Tagged "vocabulary"

Tests-Questionnaires

NOVA - Next-Generation Open Vocabulary Assessment

NOVA (= Next-Generation Open Vocabulary Assessment) are two openly available, parallel vocabulary tests designed to measure the receptive vocabulary of German-speaking adults. Given the scarcity of modern, non-proprietary instruments, NOVA was developed to fill this gap, using Ant Colony Optimization to ensure high reliability, appropriate item difficulty and discrimination, and close parallelism across forms. The tests showed high conditional reliability in the lower ability range, making them well suited for individual assessment in neuropsychological contexts, and correlated strongly with a test of declarative knowledge.

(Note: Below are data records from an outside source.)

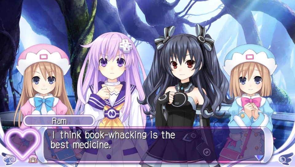 Estoy consciente que este es un problema más con el género y el público meta al que va destinado que con los escritores en sí, pero sospecho que los mangakas (hay manga de Hyperdimension Neptunia) son los mismos que escribieron todos los diálogos para el juego sin entender que es un medio distinto: interactivo. A menos de que seas un clavadazo de este tipo de títulos, existirá una gran desconexión entre el interés del gamer con lo que sucede en pantalla.
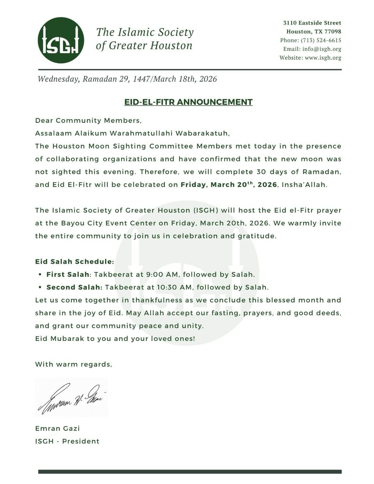 • The official ISGH announcement can be viewed here: Eid announcement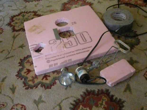 La luminaria de halógeno se une al panel superior de la cámara de tornado con cinta aislante:

The test development, including the construction rationale, and the psychometric prorperties are described in detail in Schroeders & Achaa-Amankwaa, 2025. The norms are based on a large, heterogeneous sample of adults (N = 1,052). A Shiny app is available for scoring, allowing users to compute IRT-based norm scores and percentile ranks from individual response patterns. The items are available in the OSF project.

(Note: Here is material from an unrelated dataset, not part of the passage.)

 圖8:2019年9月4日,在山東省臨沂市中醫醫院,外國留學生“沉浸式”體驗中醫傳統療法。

Meta-heuristics in short scale construction

Reference. Schroeders, U., Wilhelm, O., & Olaru, G. (2016). Meta-heuristics in short scale construction: Ant Colony Optimization and Genetic Algorithm. PLOS ONE, 11, e0167110. doi:10.1371/journal.pone.0167110

Abstract. The advent of large-scale assessment, but also the more frequent use of longitudinal and multivariate approaches to measurement in psychological, educational, and sociological research, caused an increased demand for psychometrically sound short scales. Shortening scales economizes on valuable administration time, but might result in inadequate measures because reducing an item set could: a) change the internal structure of the measure, b) result in poorer reliability and measurement precision, c) deliver measures that cannot effectively discriminate between persons on the intended ability spectrum, and d) reduce test-criterion relations. Different approaches to abbreviate measures fare differently with respect to the above-mentioned problems. Therefore, we compare the quality and efficiency of three item selection strategies to derive short scales from an existing long version: a Stepwise COnfirmatory Factor Analytical approach (SCOFA) that maximizes factor loadings and two metaheuristics, specifically an Ant Colony Optimization (ACO) with a tailored userdefined optimization function and a Genetic Algorithm (GA) with an unspecific cost-reduction function. SCOFA compiled short versions were highly reliable, but had poor validity. In contrast, both metaheuristics outperformed SCOFA and produced efficient and psychometrically sound short versions (unidimensional, reliable, sensitive, and valid). We discuss under which circumstances ACO and GA produce equivalent results and provide recommendations for conditions in which it is advisable to use a metaheuristic with an unspecific out-of-the-box optimization function.